61: Find the smallest edge on the outer face. Let it be $$$e$$$ Look at its inner face: each min-cut uses either 0 or 2 edges on that face. It's easy to notice that we can always make one of those edges to be $$$e$$$. This means that we can decrease capacity of $$$e$$$ to 0 and increase capacities of all other edges on that face by the same amount, and all min-cuts will stay the same. Repeat this process until there are no more cycles. Congrats, we have built Gomory-Hu tree of the graph!
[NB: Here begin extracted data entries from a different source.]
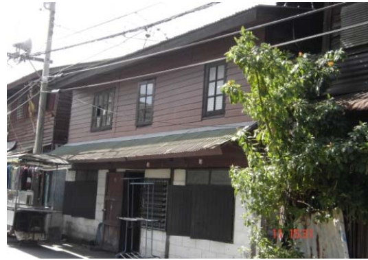
Fig. 1 Wood and mortar house (no fence)

The fence shows the better class of living and economy because they have more space and garage. The occupations of the members of these communities are various, such as laborer, company employee, government official, etc. But mostly they work outside the community, so the occupations that are left working inside the community are self-employed, low cost investment such as motorcycle-taxi, grocery stores, baby sitters, beauty salon. Their food is ordinary as most Thai people have. As a result of working outside the community, the traditional Thai culture left in the community is only on Songkran day and New Year day [2], which still have the traditional of inviting monks to perform the ceremonies and to bless for prosperity and luck of their families. [3]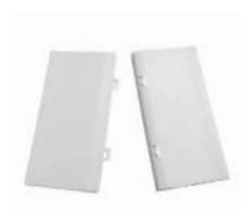
Ramps 6" x 12"

Male and female edge connector ramps make the EverBase® 3 system ADA compliant for pedestrian access points and assist in areas where wheeled equipment is expected to come onto the floor. Expansion joints allow for thermal expansion and contraction between sections.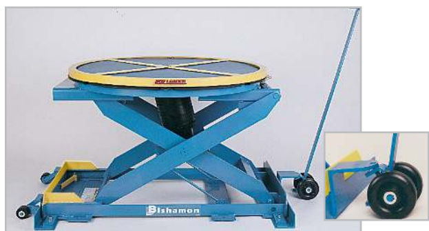
Semi-live portability for moving unloaded lift features two wheels and a dolly handle. Inset is close-up of dolly wheel unit.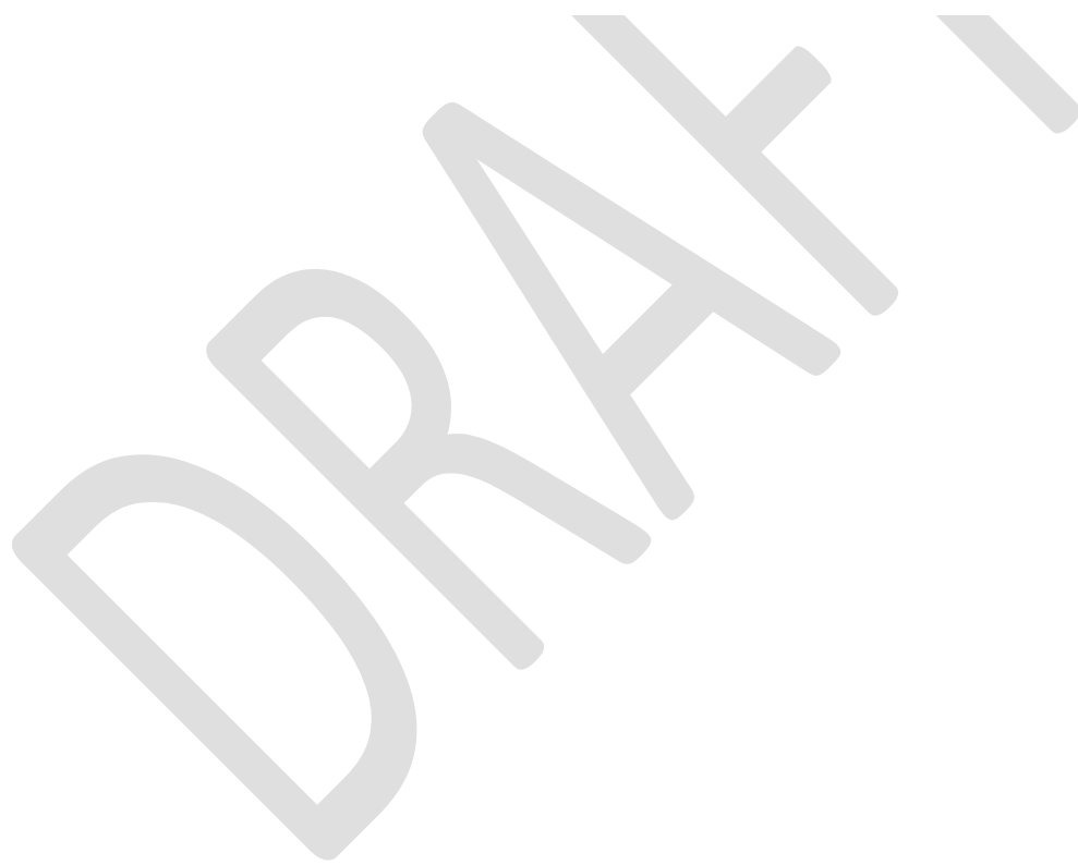
Table of Contents Printable Version Save

Now on tree the problem can be easily solved with Kruskal's algorithm.

23: Find a source $$$s$$$ and sink $$$t$$$. They should be unique. Find all paths from $$$s$$$ to $$$t$$$. They should have lengths $$$n, n-1, ..., k+1$$$, where $$$k$$$ is length of the suffix link of $$$t$$$. The first edges on each of those paths correspond to first, second, ..., $$$n-k$$$-th symbols of the string. We don't know the last $$$k$$$ symbols, but they can be determined uniquely if we knew the suffix link of $$$t$$$. So we check all possible suffix links, build a string and check that graphs are isomorphic. You need to check all vertices as different strings can produce the same graph with different suffix links.
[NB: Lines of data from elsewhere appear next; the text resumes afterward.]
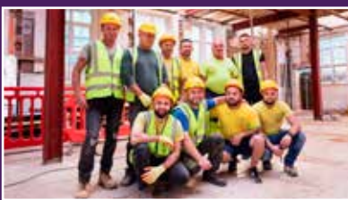
Home Republic Ltd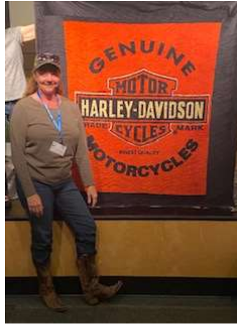
Front and back of the Harley Zoom Zoom quilt designed by KP Peysar and Mimi Murray. Quilted by KP.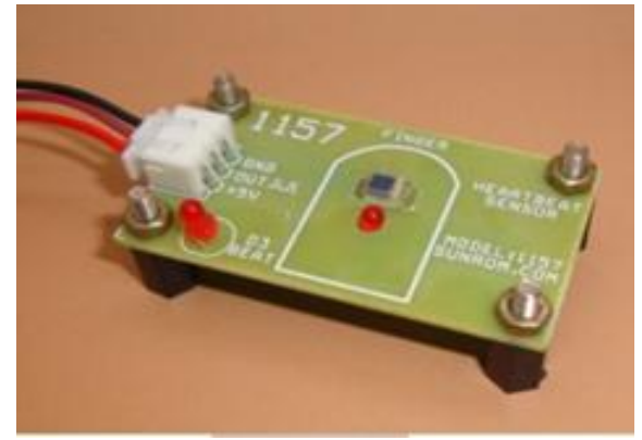
Figure 2: Heart Beat Sensor

Heart beat sensor is designed to give output of heart beat when a finger is placed on sensor. It starts working when LED on top side will starts blinking with each heart beat. To see the sensor output, output pin of sensor is connected to FPGA. The heartbeat sensor used here works on the principle of light modulation. It measures the change in volume of blood through any organ of body which causes a change in the light intensity through that organ. The flow of blood volume is decided by the rate of heart pulses. Heartbeat sensor is used to give digital output of heartbeat when finger is placed on it.

Yes, you should use the usual definition. I fixed the statement after the contest, but the old statement was used.

In one of the problems a few years ago connectedness of a graph was defined as "every vertex has an adjacent edge" xD. Fortunately it didn't matter to my solution.

71 is from GP of Kazan, you can read its editorial.

7 is problem D from AtCoder World Tour Finals 2019, you can find the editorial here.